Stella Meghie: Thank you! I really had faith in the story of Jean, and I always felt that people would relate to it, so it’s nice that they actually did when it was made and the final film was made into what I always wanted the film to be. The response has just been exciting, and I think the way the film relates to people has been what has taken me further. It’s so affirming and fortuitous, really. I think a lot of people know what it’s like to back-up family and then take a moment to tell a family member how wrong they were. Another thing that I get people relating to a lot is having a missing father who has either gone away for good or somehow reappeared. That was something a lot of people really gravitated towards.

Stella Meghie

Stella Meghie

When you make a family comedy of any kind, I can imagine that it’s hard to sell a dry family comedy, especially one with a predominantly black and female cast. I can imagine that it would be very easy to make the same film, but make the humour a lot more broad. Was the tone of the film ever something you had to explain to people?

Stella Meghie: Sometimes with some people, yeah. I got some comments at the script level that always said that the film didn’t feel specific enough to one culture. For the most part, though, people have been open minded about it. I sometimes think that maybe on the page it came across as too dry and people were unsure if this was even a comedy. Sometimes that’s really hard to convey without showing people. It can be hard to read. But in my mind I always knew that this was funny and people were going to laugh, and it’s always nice to hear people laugh in a cinema when they see it, but because so much of it is in the tone of how everything is said that it was hard to get it made for that reason, but now that it’s here hopefully people will start to realize that you can make this drier kind of family comedy and still make people laugh just as much as a broad comedy can. And there were times even during the editing process where I saw that I could have made the broad version of Jean of the Joneses just from what I had, but I knew that version of the story wasn’t the one I intended to tell.

Is that kind of where the line towards the end of the film where Sam tells Jean he thought her book was sad, but Jean insists it was a comedy came from?

Stella Meghie: (laughs) Yeah. I think so. I always think there’s humour even in the saddest of things.

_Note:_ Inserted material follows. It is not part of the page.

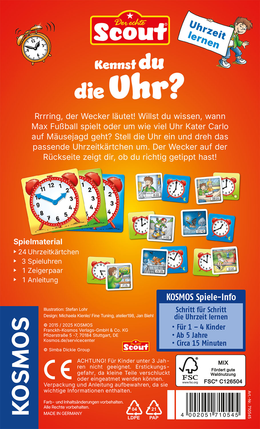Rrrring, der Wecker läutet! Willst du wissen, wann Max Fußball spielt oder um wie viel Uhr Kater Carlo auf Mäusejagd geht? Stell die Uhr ein und dreh das passende Uhrzeitkärtchen um. Der Wecker auf der Rückseite zeigt dir, ob du richtig getippt hast! Lustiges Memospiel für 2 bis 4 Spieler ab 5 Jahren. Spieldauer: ca. 15 Minuten.

I think there’s also a really sad version of this story, and sadness within this story that the audience can see, but I think that I found the humour in these kinds of grieving situations that people find themselves in. In Jean’s case, I think most people would find her life and situation sad, but I think Jean is one of those people who has to find the humour in these moments, but Sam is someone who can see through all the humour and down to the pain that was there.

And when you do this particular kind of dry humour, I think you need to make that pain known by showing how these characters interact with one another. Characters like Jean’s ex-boyfriend or the married doctor that Anne has been sleeping with help to inform that, because from our perspective as an audience member, we can sympathize and laugh along with them, but from the point of view of these side characters, people like Jean and Anne look borderline crazy. What was it like creating the supporting characters that operate on the periphery of the film that inform how these women see the world around them and interact with each other?

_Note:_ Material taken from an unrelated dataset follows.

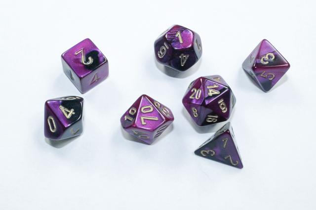 Contains 7 Gemini Black-Purple Dice with gold numbers in the following Shapes:

Stella Meghie: Yeah, it’s a story of people going through heartbreak who aren’t dealing with it in the healthiest way possible. And you’re right that those characters on the side are kind of the least drawn out and have the most work to do in order to be potent enough to make sense in the lives of the women at the centre of it. It was always about these women and how they react to each other and how those relationships are changed through that. I just focused mainly on the chemistry the characters had with each other, and took only the most necessary glimpses into their lives outside the family that depicted either their personal relationships or their poor outlook on love. I had some great folks playing those roles, people like Demore Barnes, who plays Gloria Reuben’s husband in the film, who were able to come in and make the most out of their characters with very little screen time.

It’s an interesting way to tell a story because although Jean is bouncing around between staying with various different family members in the film, the focus of the story usually shifts somewhat to tell the tale of whomever she’s staying with. Even though Jean is the title character, did you always want to make this a somewhat observational film where Jean often acted as a bit of a guide or conduit to her other family members?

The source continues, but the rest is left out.